== REQUIREMENT ==
What are the lines below, starting at the line containing "- Plunging V-neckline" and ending at the line containing "Matlhogonolo Angela has"? Write them out exactly, ends included, without pictures.

== TASK MATERIAL ==
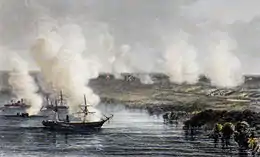 The firefight also alerted the three Union boats on the James—the ironclad USS Galena, and the gunboats USS Jacob Bell and USS Aroostook[lower-alpha 6]—which began lobbing missiles twenty inches (510 mm) in length and eight inches (200 mm) in diameter from their position on the James River onto the battlefield.[59] The explosions and impacts of the gunboat fire impressed the Confederate troops, but the guns' aim was unreliable, and the large shells did considerably less damage than might have been expected.[60]
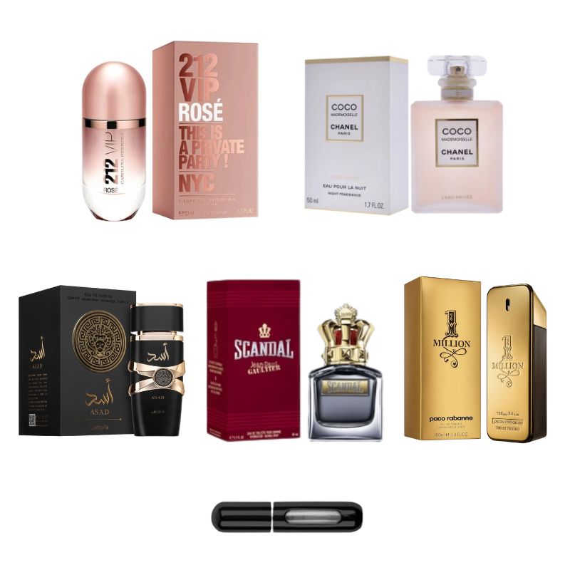5 PERFUMES 212 ROSE ,COCO ,ASAD ,SCANDAL MEN ,ONE MILLION ,MAS UN PERFUMERO RECARGABLE
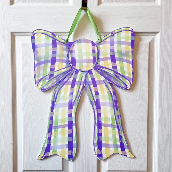 Mardi Gras Plaid Bow Door Hanger Carnival Nola Outdoor Decor
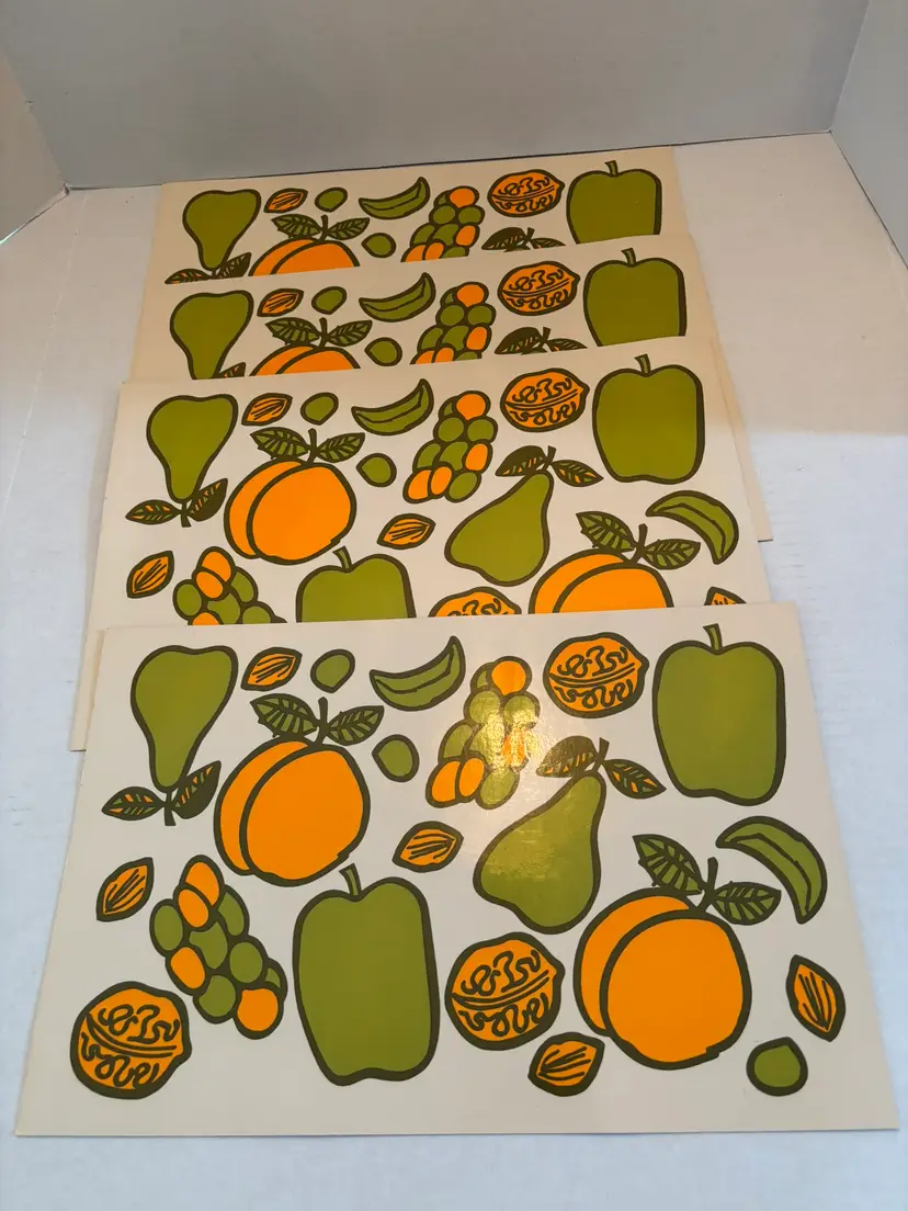 This vintage lot of 4 vinyl placemats features a fruit-themed design with a colorful multicolor pattern, making them perfect for all occasions. The rectangular placemats have a cork backing for added durability and protection of surfaces. Made of washable vinyl material, these original placemats require hand washing for easy care. Ideal for collectors or anyone looking to add a touch of retro charm to their dining table, these placemats are both functional and decorative. SOME STAINING FROM USE ON THE BACK
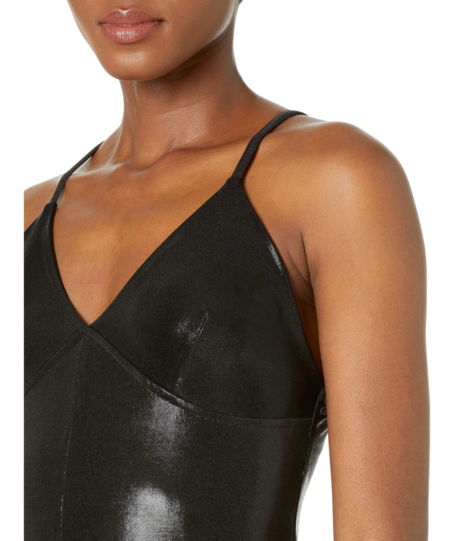 - Plunging V-neckline with thin shoulder straps.
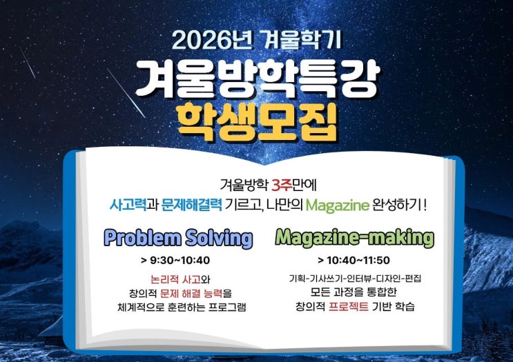[팬그램 침산 캠퍼스] 2026 겨울학기 방학 특강 학생 모집
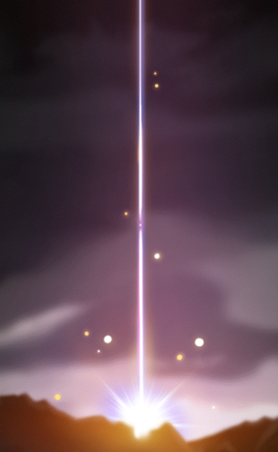 검자루로 겨우 버티고 있는 대장 뒤로 메이플 월드를 환하게 비추는 빛의 기둥이 하늘로 올라갑니다.
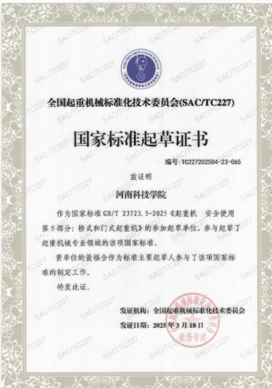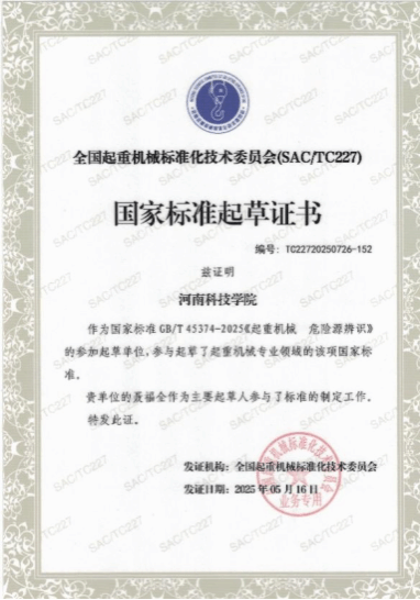 聂福全教授作为主要起草人参与制定的《起重机械危险源辨识》、《起重机械安全使用》两项国家标准,获得全国起重机械标准化技术委员会批准发布,填补了我校在起重机械国家标准制定领域的空白。
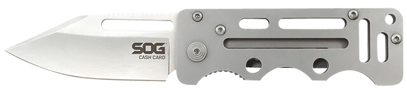 The SOG Cash Card is a compact folding knife featuring a 2.75" clip point blade made from 8Cr13MoV stainless steel with a satin finish. The knife has a silver skeletonized stainless steel handle and weighs just 2 oz, making it ideal for everyday carry or backup use.
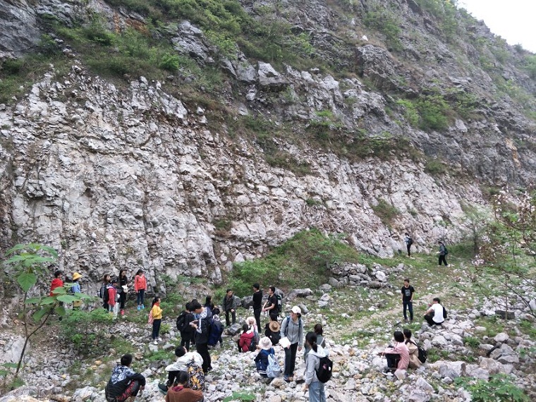 4月23日的实习任务是认识裸岩的地物类型以及进行林地类型的解译等。相同的地点却有着不一样的体验。程先富老师在石坑外介绍了此次采石坑的地质历史背景,以及石坑外部的岩石类型及主要成分。跟着老师深入采石坑中,同学们了解了采石坑中栖霞组,和州组,黄龙组,船山组四种不同的岩石类型。
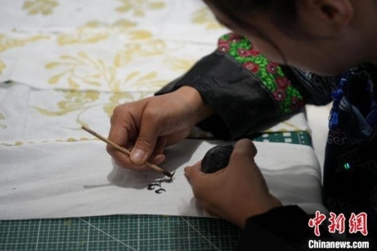 貴州織金苗族蠟染2021年6月入選國務(wù)院公布第五批國家級(jí)非物質(zhì)文化遺產(chǎn)代表性項(xiàng)目名錄?!?5后”苗族女孩王秋雨大學(xué)畢業(yè)后回到織金,成為一名織金苗族蠟染推廣者。她不僅使用傳統(tǒng)小臘刀,還使用大臘刀和毛筆,以蜂蠟為墨在絲巾、衣服、箱包上繪制小篆、甲骨文、山水等文字與圖案,這些蠟染產(chǎn)品深受消費(fèi)者喜愛。圖為6月19日,王秋雨在織金縣平遠(yuǎn)古鎮(zhèn)的依文織金數(shù)字化展廳制作蠟染。周燕玲 攝
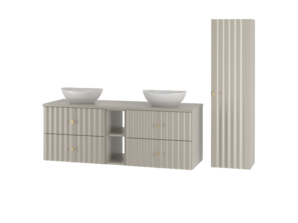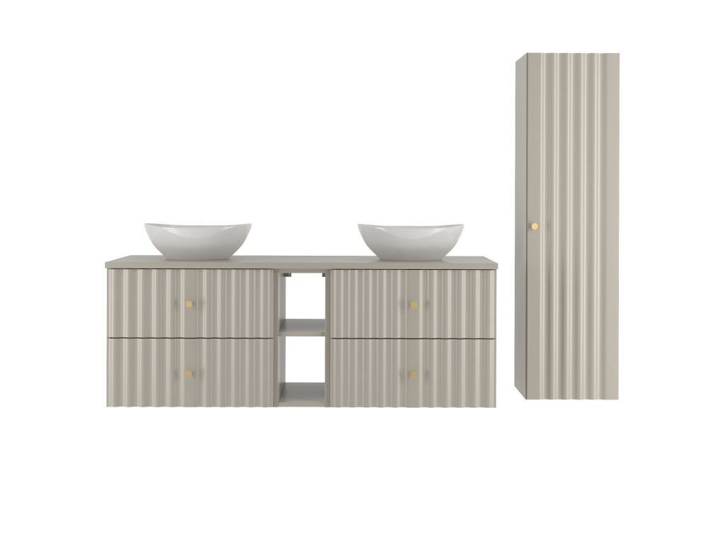 Kúpeľňová skrinka Aqua 02 140 v matnej béžovej farbe prináša jemný, no moderný dizajn s dvojnásobnou praktickosťou. Tento produkt je vytvorený spojením dvoch skriniek so šírkou 60 cm a poličky v šírke 20 cm, pričom vrchná doska je celistvá a má šírku 140 cm. Disponuje štyrmi zásuvkami a je dostupná vo variantoch: s vrchnou doskou, alebo s dvomi umývadlami na dosku.
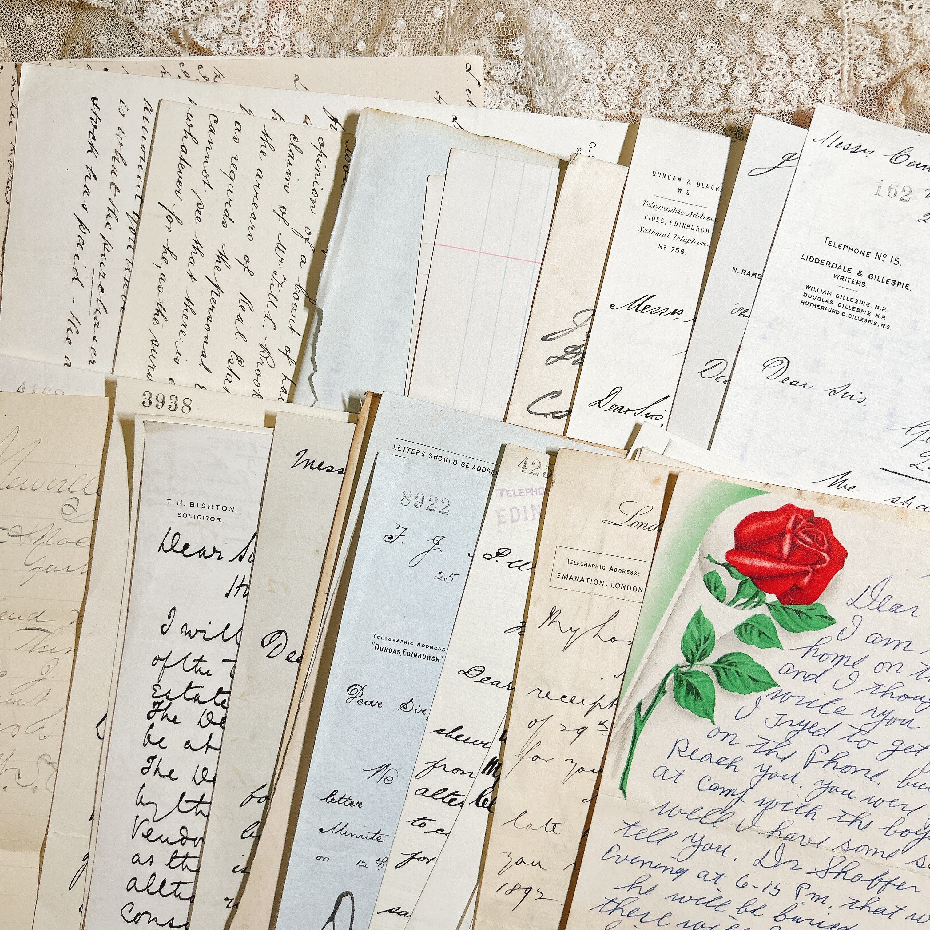 アンティークの手書き書類30枚セットです。19世紀から20世紀初頭にかけて書かれた手紙や記録文書が含まれており、歴史的な雰囲気を感じられる大変貴重な品です。
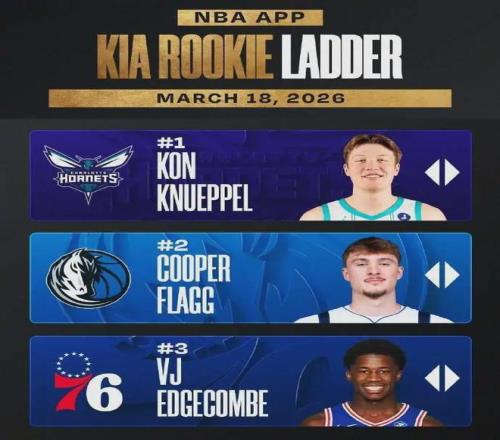 個人數據和帶隊成績雙雙爆發,讓克尼佩爾在新秀榜始終占據第一位置,力壓“美國之子”25屆狀元秀弗拉格,后者本賽季至今出戰64場比賽,場均上陣33.8分鐘得到20.3分6.6板4.5助1.2斷,三項命中率46.7%、27.8%和81.2%,獨行俠以24勝52負已徹底無緣附加賽。
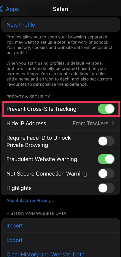 Enable Prevent Cross-Site Tracking under Privacy and Security to turn off cross-site tracking.
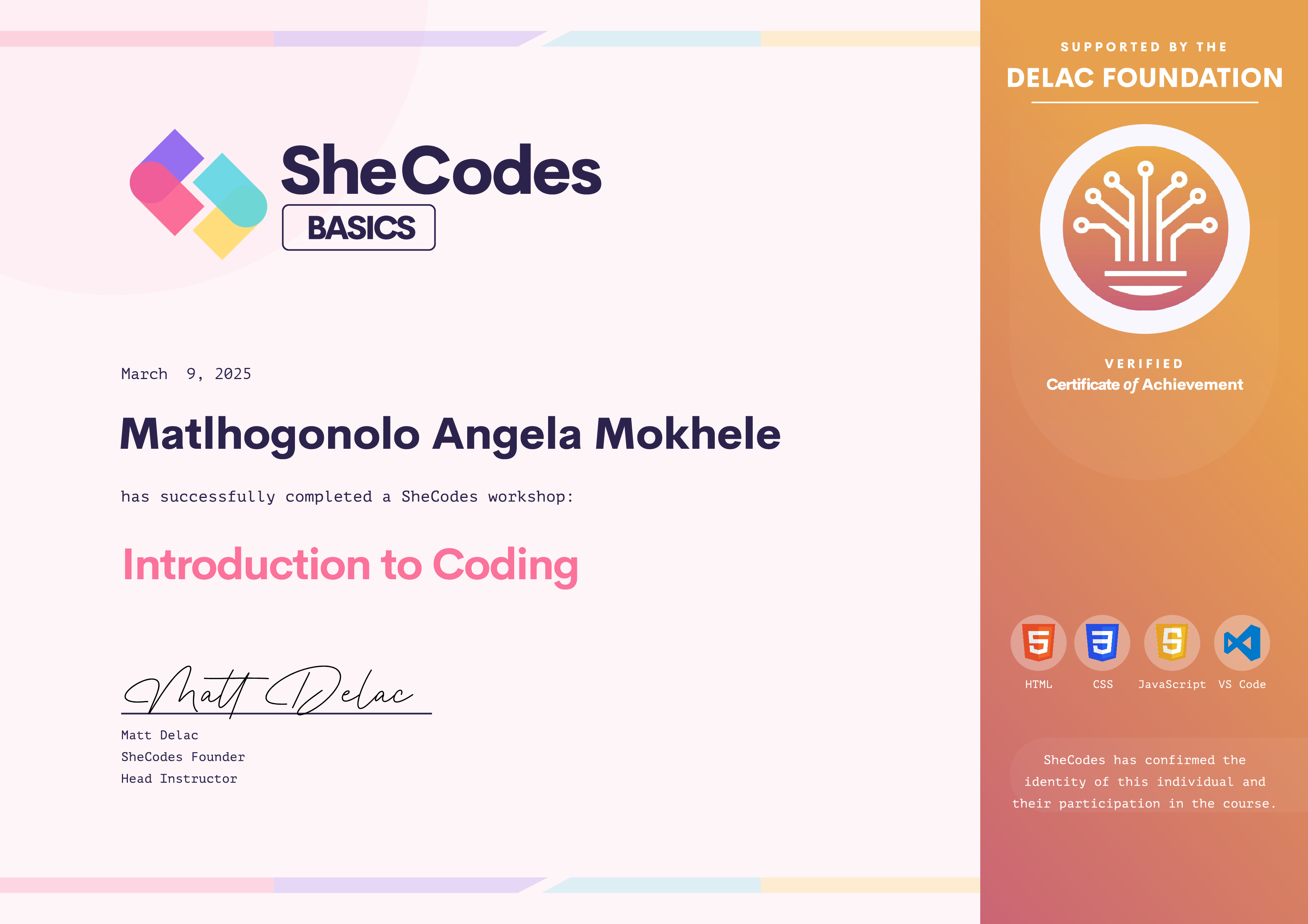 Matlhogonolo Angela has been fully supported by the Delac Foundation to complete this SheCodes Workshop
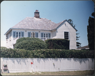 DESCRIPTIONA white shingle two story Cape Cod house one chimney, window shutters, picket fence, hedge at front
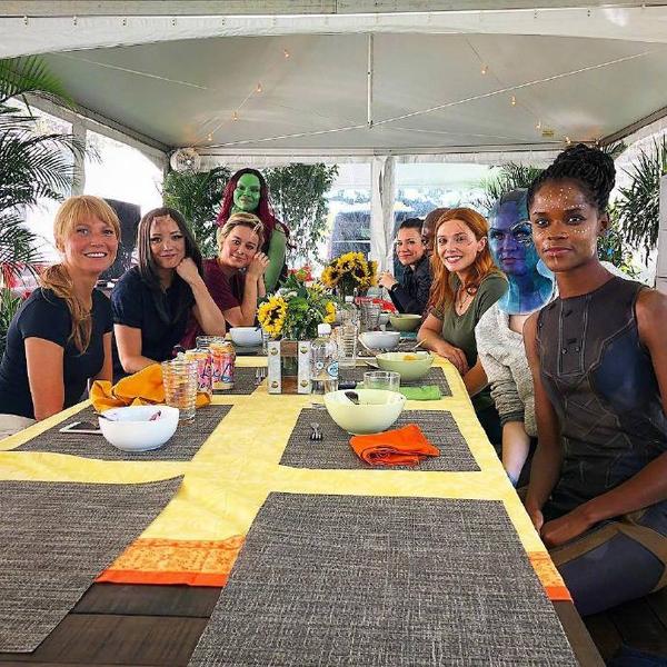 ▼這場眾星雲集的漫威女性聚餐上,可以發現演員們都用心化上了《復仇者聯盟 4》妝容,包含「葛摩菈」柔伊莎達娜(Zoe Saldana)費心把全身都塗綠、「黑豹妹」莉蒂西亞萊特(Letitia Wright)也完美呈現舒莉造型,有趣的是仔細一看「涅布拉」凱倫吉蘭(Karen Gillan),原來這位女演員選擇戴上了頭罩。

== ANSWER TO THIS EXERCISE ==
 - Plunging V-neckline with thin shoulder straps.
[팬그램 침산 캠퍼스] 2026 겨울학기 방학 특강 학생 모집
 검자루로 겨우 버티고 있는 대장 뒤로 메이플 월드를 환하게 비추는 빛의 기둥이 하늘로 올라갑니다.
 聂福全教授作为主要起草人参与制定的《起重机械危险源辨识》、《起重机械安全使用》两项国家标准,获得全国起重机械标准化技术委员会批准发布,填补了我校在起重机械国家标准制定领域的空白。
 The SOG Cash Card is a compact folding knife featuring a 2.75" clip point blade made from 8Cr13MoV stainless steel with a satin finish. The knife has a silver skeletonized stainless steel handle and weighs just 2 oz, making it ideal for everyday carry or backup use.
 4月23日的实习任务是认识裸岩的地物类型以及进行林地类型的解译等。相同的地点却有着不一样的体验。程先富老师在石坑外介绍了此次采石坑的地质历史背景,以及石坑外部的岩石类型及主要成分。跟着老师深入采石坑中,同学们了解了采石坑中栖霞组,和州组,黄龙组,船山组四种不同的岩石类型。
 貴州織金苗族蠟染2021年6月入選國務(wù)院公布第五批國家級(jí)非物質(zhì)文化遺產(chǎn)代表性項(xiàng)目名錄?!?5后”苗族女孩王秋雨大學(xué)畢業(yè)后回到織金,成為一名織金苗族蠟染推廣者。她不僅使用傳統(tǒng)小臘刀,還使用大臘刀和毛筆,以蜂蠟為墨在絲巾、衣服、箱包上繪制小篆、甲骨文、山水等文字與圖案,這些蠟染產(chǎn)品深受消費(fèi)者喜愛。圖為6月19日,王秋雨在織金縣平遠(yuǎn)古鎮(zhèn)的依文織金數(shù)字化展廳制作蠟染。周燕玲 攝
 Kúpeľňová skrinka Aqua 02 140 v matnej béžovej farbe prináša jemný, no moderný dizajn s dvojnásobnou praktickosťou. Tento produkt je vytvorený spojením dvoch skriniek so šírkou 60 cm a poličky v šírke 20 cm, pričom vrchná doska je celistvá a má šírku 140 cm. Disponuje štyrmi zásuvkami a je dostupná vo variantoch: s vrchnou doskou, alebo s dvomi umývadlami na dosku.
 アンティークの手書き書類30枚セットです。19世紀から20世紀初頭にかけて書かれた手紙や記録文書が含まれており、歴史的な雰囲気を感じられる大変貴重な品です。
 個人數據和帶隊成績雙雙爆發,讓克尼佩爾在新秀榜始終占據第一位置,力壓“美國之子”25屆狀元秀弗拉格,后者本賽季至今出戰64場比賽,場均上陣33.8分鐘得到20.3分6.6板4.5助1.2斷,三項命中率46.7%、27.8%和81.2%,獨行俠以24勝52負已徹底無緣附加賽。
 Enable Prevent Cross-Site Tracking under Privacy and Security to turn off cross-site tracking.
 Matlhogonolo Angela has been fully supported by the Delac Foundation to complete this SheCodes Workshop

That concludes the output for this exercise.